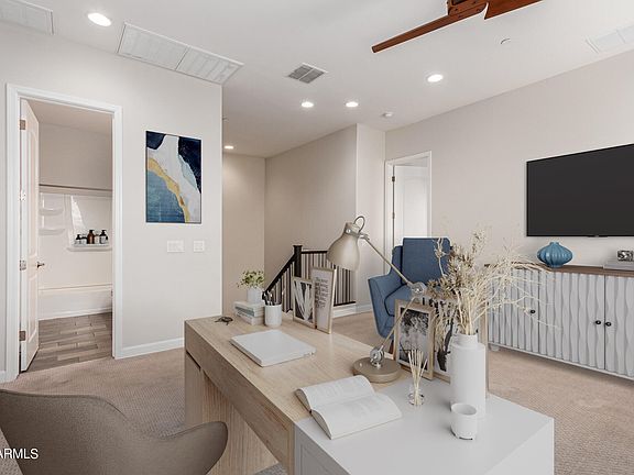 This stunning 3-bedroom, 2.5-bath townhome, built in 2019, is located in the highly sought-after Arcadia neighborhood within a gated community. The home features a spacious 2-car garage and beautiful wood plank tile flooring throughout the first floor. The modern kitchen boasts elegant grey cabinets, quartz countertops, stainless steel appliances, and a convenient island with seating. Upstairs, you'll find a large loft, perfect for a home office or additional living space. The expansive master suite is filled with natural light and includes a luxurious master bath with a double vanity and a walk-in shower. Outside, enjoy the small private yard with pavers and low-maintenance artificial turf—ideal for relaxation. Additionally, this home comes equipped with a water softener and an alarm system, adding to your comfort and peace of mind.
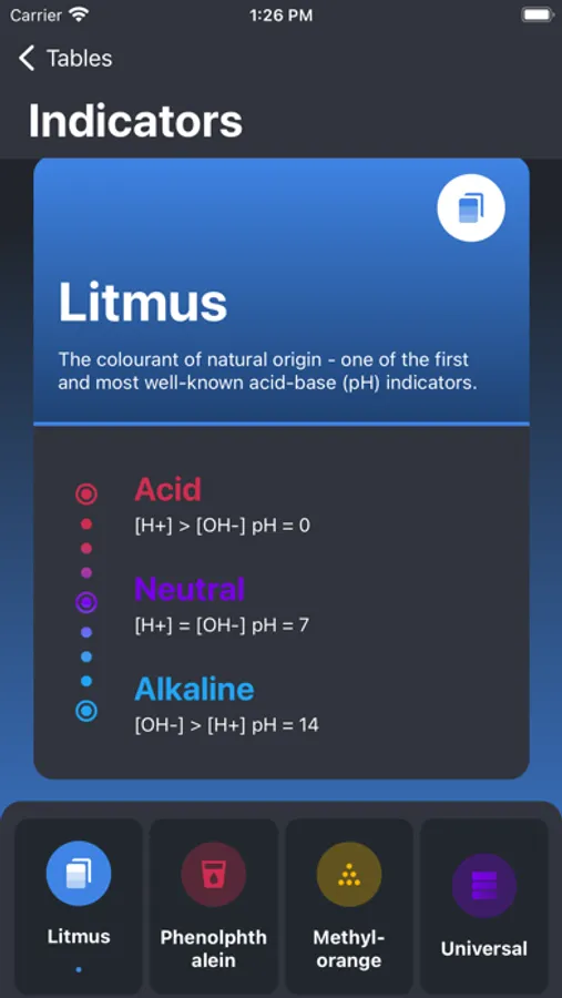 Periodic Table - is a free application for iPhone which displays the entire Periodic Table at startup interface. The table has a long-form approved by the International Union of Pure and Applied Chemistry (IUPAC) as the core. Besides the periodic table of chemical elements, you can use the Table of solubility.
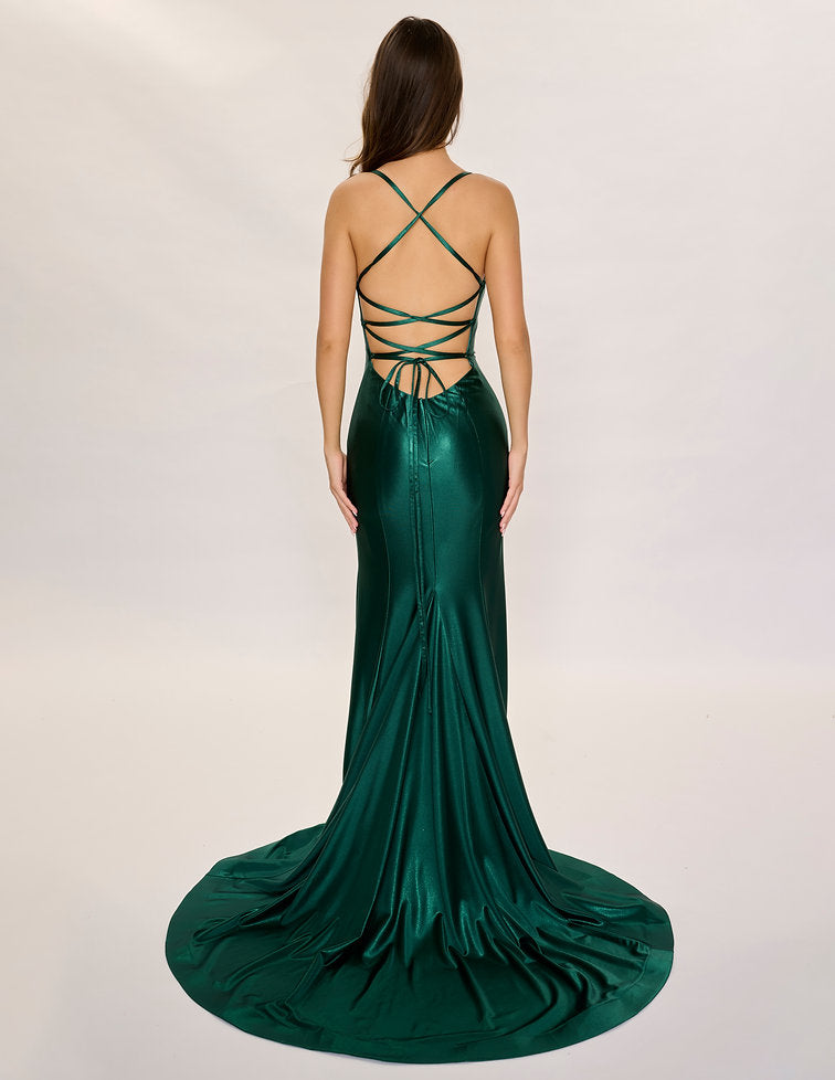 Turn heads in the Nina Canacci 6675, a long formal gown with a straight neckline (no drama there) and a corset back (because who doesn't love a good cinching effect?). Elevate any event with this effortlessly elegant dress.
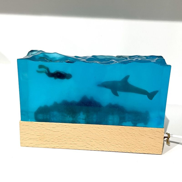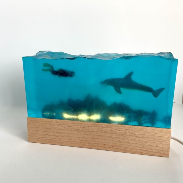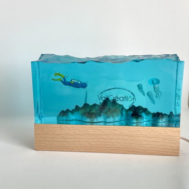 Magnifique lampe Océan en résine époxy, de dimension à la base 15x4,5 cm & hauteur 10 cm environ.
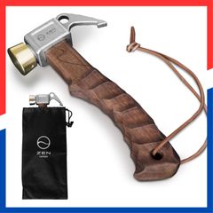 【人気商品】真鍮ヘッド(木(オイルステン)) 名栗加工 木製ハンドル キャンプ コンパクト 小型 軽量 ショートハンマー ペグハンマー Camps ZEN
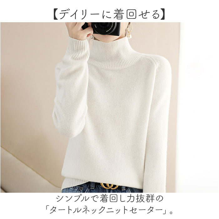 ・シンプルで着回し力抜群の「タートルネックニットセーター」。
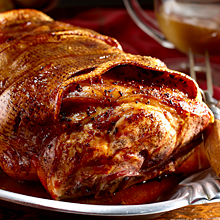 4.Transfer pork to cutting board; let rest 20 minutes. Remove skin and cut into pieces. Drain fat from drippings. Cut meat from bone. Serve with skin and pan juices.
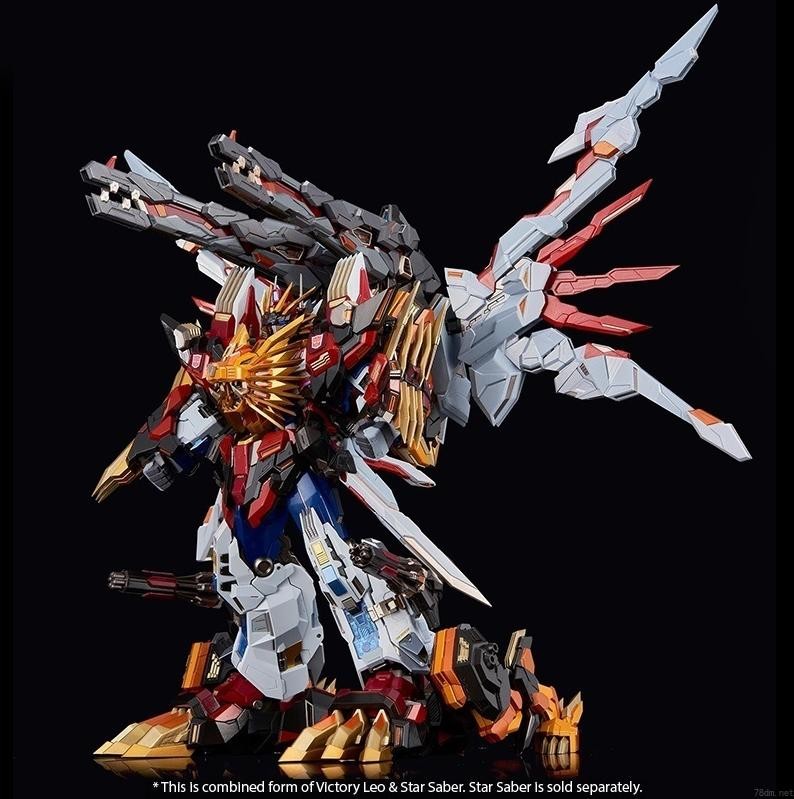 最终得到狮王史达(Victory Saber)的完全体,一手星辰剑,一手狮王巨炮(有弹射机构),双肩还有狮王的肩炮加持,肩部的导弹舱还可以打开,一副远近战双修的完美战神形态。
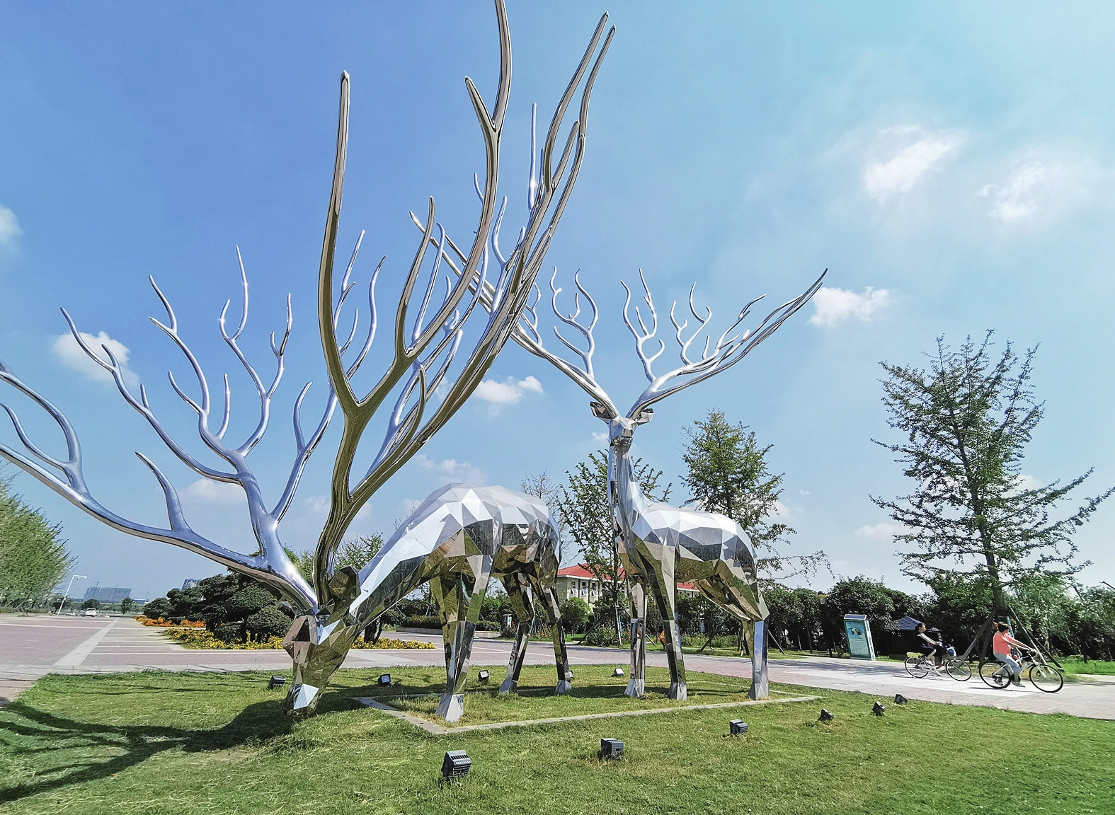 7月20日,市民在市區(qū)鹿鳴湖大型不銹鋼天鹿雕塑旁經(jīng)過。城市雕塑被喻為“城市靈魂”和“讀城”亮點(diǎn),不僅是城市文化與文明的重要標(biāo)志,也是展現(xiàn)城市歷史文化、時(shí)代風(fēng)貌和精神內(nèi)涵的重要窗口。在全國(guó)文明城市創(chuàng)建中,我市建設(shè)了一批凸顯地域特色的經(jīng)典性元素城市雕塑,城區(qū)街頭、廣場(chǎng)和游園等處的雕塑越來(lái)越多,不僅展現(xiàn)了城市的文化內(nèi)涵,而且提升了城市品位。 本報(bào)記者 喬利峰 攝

◇ ◇ ◇ ◇ ◇ ◇ ◇

## Problem to solve
Only the entries themselves should be output, word for word, with all pictures omitted.

## Reply to the exercise
 This stunning 3-bedroom, 2.5-bath townhome, built in 2019, is located in the highly sought-after Arcadia neighborhood within a gated community. The home features a spacious 2-car garage and beautiful wood plank tile flooring throughout the first floor. The modern kitchen boasts elegant grey cabinets, quartz countertops, stainless steel appliances, and a convenient island with seating. Upstairs, you'll find a large loft, perfect for a home office or additional living space. The expansive master suite is filled with natural light and includes a luxurious master bath with a double vanity and a walk-in shower. Outside, enjoy the small private yard with pavers and low-maintenance artificial turf—ideal for relaxation. Additionally, this home comes equipped with a water softener and an alarm system, adding to your comfort and peace of mind.
 Periodic Table - is a free application for iPhone which displays the entire Periodic Table at startup interface. The table has a long-form approved by the International Union of Pure and Applied Chemistry (IUPAC) as the core. Besides the periodic table of chemical elements, you can use the Table of solubility.
 Turn heads in the Nina Canacci 6675, a long formal gown with a straight neckline (no drama there) and a corset back (because who doesn't love a good cinching effect?). Elevate any event with this effortlessly elegant dress.
 Magnifique lampe Océan en résine époxy, de dimension à la base 15x4,5 cm & hauteur 10 cm environ.
 【人気商品】真鍮ヘッド(木(オイルステン)) 名栗加工 木製ハンドル キャンプ コンパクト 小型 軽量 ショートハンマー ペグハンマー Camps ZEN
 ・シンプルで着回し力抜群の「タートルネックニットセーター」。
 4.Transfer pork to cutting board; let rest 20 minutes. Remove skin and cut into pieces. Drain fat from drippings. Cut meat from bone. Serve with skin and pan juices.
 最终得到狮王史达(Victory Saber)的完全体,一手星辰剑,一手狮王巨炮(有弹射机构),双肩还有狮王的肩炮加持,肩部的导弹舱还可以打开,一副远近战双修的完美战神形态。
 7月20日,市民在市區(qū)鹿鳴湖大型不銹鋼天鹿雕塑旁經(jīng)過。城市雕塑被喻為“城市靈魂”和“讀城”亮點(diǎn),不僅是城市文化與文明的重要標(biāo)志,也是展現(xiàn)城市歷史文化、時(shí)代風(fēng)貌和精神內(nèi)涵的重要窗口。在全國(guó)文明城市創(chuàng)建中,我市建設(shè)了一批凸顯地域特色的經(jīng)典性元素城市雕塑,城區(qū)街頭、廣場(chǎng)和游園等處的雕塑越來(lái)越多,不僅展現(xiàn)了城市的文化內(nèi)涵,而且提升了城市品位。 本報(bào)記者 喬利峰 攝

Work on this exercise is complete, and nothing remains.